Newestindonesia.co.id, Sebuah video yang viral di media sosial memicu penyelidikan internal di Polsek Cilandak, Jakarta Selatan, setelah seorang warga menduga ada rekayasa dalam penanganan perkara yang dilaporkannya. Dalam video tersebut, warga menegur dua anggota polisi yang sedang berjaga karena surat laporan yang disodorkan kepadanya tidak sesuai dengan hasil klarifikasi awal.
Dalam lampiran berita acara pemeriksaan (BAP), justru tercantum barang bukti berupa timbangan narkoba, padahal laporan awalnya adalah dugaan penganiayaan.
Peristiwa ini menjadi bahan perbincangan luas setelah unggahan lewat akun Instagram @saukansamallo menjadi viral dan banyak dibagikan pengguna media sosial. Dugaan adanya perubahan isi BAP tersebut memunculkan pertanyaan luas mengenai prosedur penyidikan dan kredibilitas aparat penegak hukum.
Pemeriksaan Internal oleh Propam Polri
Kasi Humas Polsek Cilandak, Bripka Nuryono, memastikan bahwa pihak kepolisian sedang menelusuri kronologis penanganan perkara oleh penyidik yang bersangkutan.
“Akan dipastikan kronologis penyidiknya,” ujarnya kepada wartawan di Jakarta, Minggu (1/2/2026).
Lebih lanjut, Nuryono mengungkapkan bahwa oknum anggota yang diduga terlibat telah diperiksa oleh Divisi Profesi dan Pengamanan (Propam) Polri untuk pendalaman lebih lanjut guna memastikan apakah ada pelanggaran prosedur maupun kode etik Kepolisian.
“Untuk sekarang yang bersangkutan sudah diperiksa Propam, mohon maaf dan terima kasih,” kata Nuryono.
Polsek Cilandak juga menyampaikan permohonan maaf kepada korban yang merasa dirugikan atas dugaan penanganan perkara tersebut, menyatakan bahwa proses pemeriksaan internal masih berjalan dan akan ditindaklanjuti sesuai hasil temuan.
Kehebohan Netizen dan Reaksi Publik
Unggahan di media sosial memperlihatkan ketidaksesuaian antara laporan awal—kasus penganiayaan—dengan isi BAP yang mencantumkan alat bukti narkotika yang tidak relevan dengan peristiwa yang dilaporkan.

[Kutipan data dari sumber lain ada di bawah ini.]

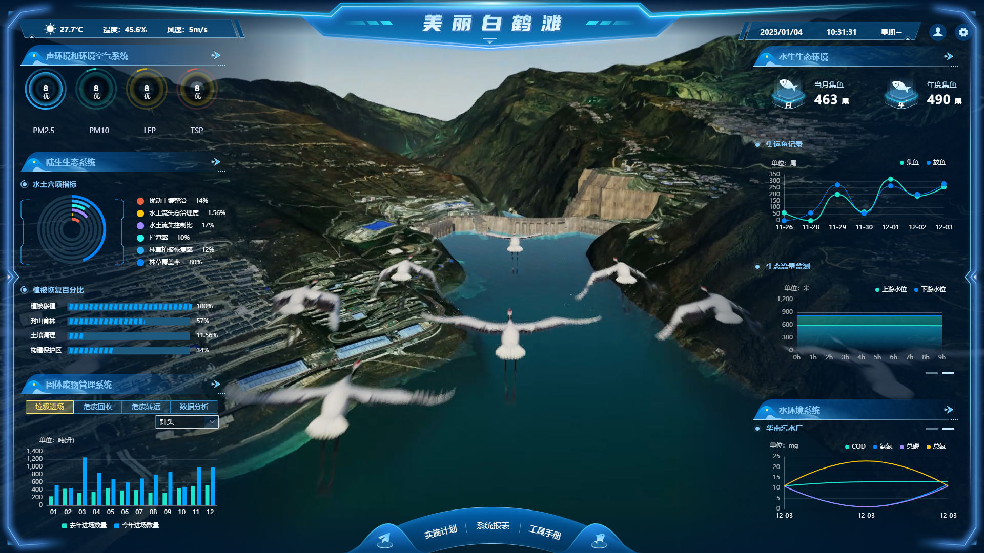 项目通过实时数据接入,在三维场景中直观展示、实时更新半坡营地污水处理厂污水4项指标(按小时)、环境自动监测站4项指标(按小时)、固废场(按日)、集鱼站(按日)、古树保护(视频监控实时画面)及集鱼站提升装置(视频监控实时画面)的数据,提升白鹤滩库区环保数据监测的及时性和有效性。
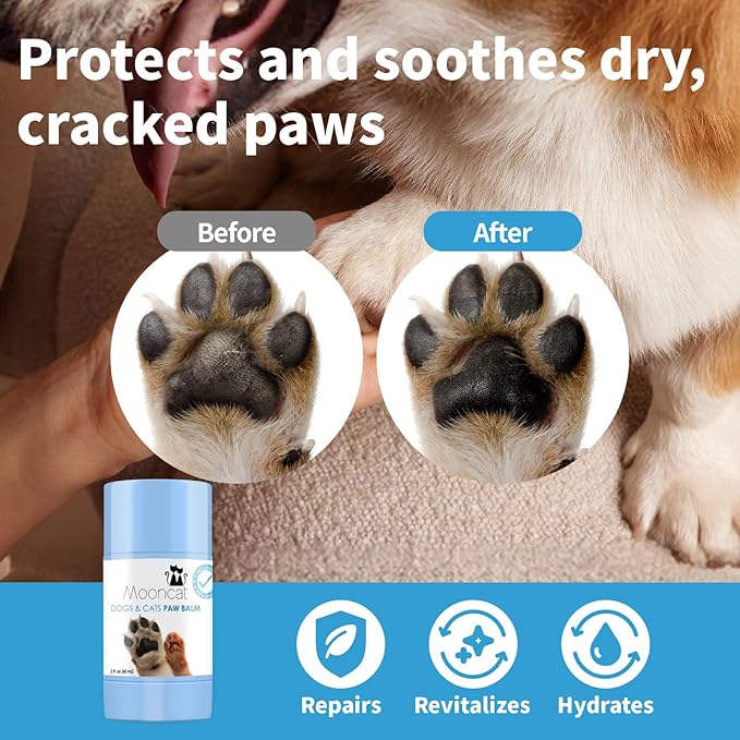 Mooncat Cat Paw Balm – Cat-Specific Paw & Nose Moisturizer for Dry Cracked Pads, Fast Absorbing Lick Safe Natural Botanical Care, Non Greasy Fragrance Free Protection & Repair - 2oz (60ml)

Reaksi publik pun beragam: sebagian menyoroti dugaan rekayasa kasus yang bisa merugikan korban, memunculkan kritik terhadap integritas aparat, dan menyerukan transparansi dalam proses penyidikan.
Belum ada keterangan lanjutan dari Kepolisian terkait apakah barang bukti narkoba tersebut ditemukan di lokasi atau dalam kondisi lain, serta apakah tersebut ada kaitannya dengan oknum yang bersangkutan. Sampai berita ini ditulis, Propam masih melakukan pemeriksaan untuk menentukan langkah hukum dan disipliner lebih lanjut.
(DAW)
Dapatkan update berita terkini langsung di WhatsApp Anda.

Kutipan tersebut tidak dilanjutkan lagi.